#### Prompt
Restate, exactly as written, the entries below from the line that holds "Keramické mazivo pro" through the line that holds "Un camping-car se". Pictures are not part of the copy.

#### Extracted entries
================

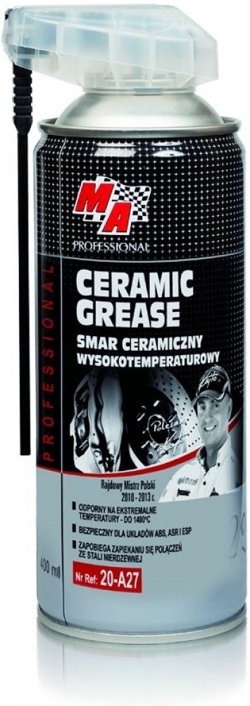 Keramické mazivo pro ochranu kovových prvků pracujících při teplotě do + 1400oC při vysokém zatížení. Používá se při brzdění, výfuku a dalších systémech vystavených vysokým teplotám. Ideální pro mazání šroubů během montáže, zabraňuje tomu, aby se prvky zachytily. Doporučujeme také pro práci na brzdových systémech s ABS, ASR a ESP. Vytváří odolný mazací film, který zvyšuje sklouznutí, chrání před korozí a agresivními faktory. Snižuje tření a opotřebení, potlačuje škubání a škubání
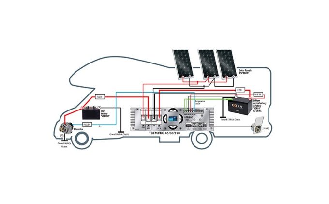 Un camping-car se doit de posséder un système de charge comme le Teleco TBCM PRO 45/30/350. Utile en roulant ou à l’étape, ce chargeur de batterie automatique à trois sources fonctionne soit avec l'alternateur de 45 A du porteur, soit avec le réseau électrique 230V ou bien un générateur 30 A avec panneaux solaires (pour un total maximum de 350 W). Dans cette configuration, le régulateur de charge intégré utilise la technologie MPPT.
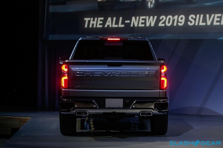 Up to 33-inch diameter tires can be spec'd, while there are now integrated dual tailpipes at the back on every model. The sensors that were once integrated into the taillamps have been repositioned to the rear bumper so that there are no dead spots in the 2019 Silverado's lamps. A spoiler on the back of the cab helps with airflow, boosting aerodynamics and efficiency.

================

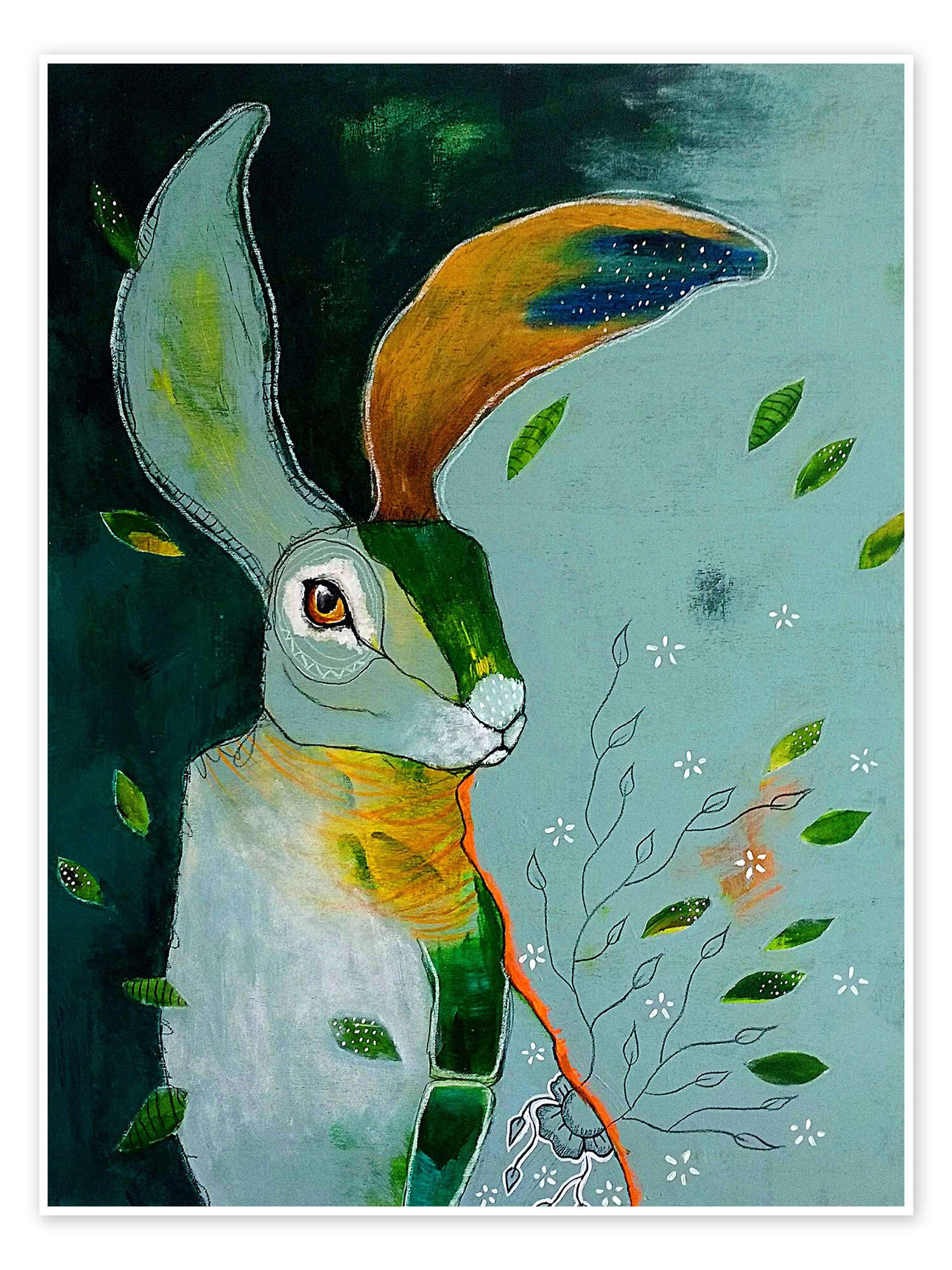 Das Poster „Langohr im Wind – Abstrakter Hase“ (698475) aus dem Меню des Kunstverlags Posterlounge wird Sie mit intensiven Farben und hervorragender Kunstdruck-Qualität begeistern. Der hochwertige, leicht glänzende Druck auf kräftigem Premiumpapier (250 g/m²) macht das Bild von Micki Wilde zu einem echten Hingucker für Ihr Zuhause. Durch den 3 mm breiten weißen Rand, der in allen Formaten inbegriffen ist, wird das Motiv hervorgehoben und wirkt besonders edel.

================

#### Worked solution
 Keramické mazivo pro ochranu kovových prvků pracujících při teplotě do + 1400oC při vysokém zatížení. Používá se při brzdění, výfuku a dalších systémech vystavených vysokým teplotám. Ideální pro mazání šroubů během montáže, zabraňuje tomu, aby se prvky zachytily. Doporučujeme také pro práci na brzdových systémech s ABS, ASR a ESP. Vytváří odolný mazací film, který zvyšuje sklouznutí, chrání před korozí a agresivními faktory. Snižuje tření a opotřebení, potlačuje škubání a škubání
 Un camping-car se doit de posséder un système de charge comme le Teleco TBCM PRO 45/30/350. Utile en roulant ou à l’étape, ce chargeur de batterie automatique à trois sources fonctionne soit avec l'alternateur de 45 A du porteur, soit avec le réseau électrique 230V ou bien un générateur 30 A avec panneaux solaires (pour un total maximum de 350 W). Dans cette configuration, le régulateur de charge intégré utilise la technologie MPPT.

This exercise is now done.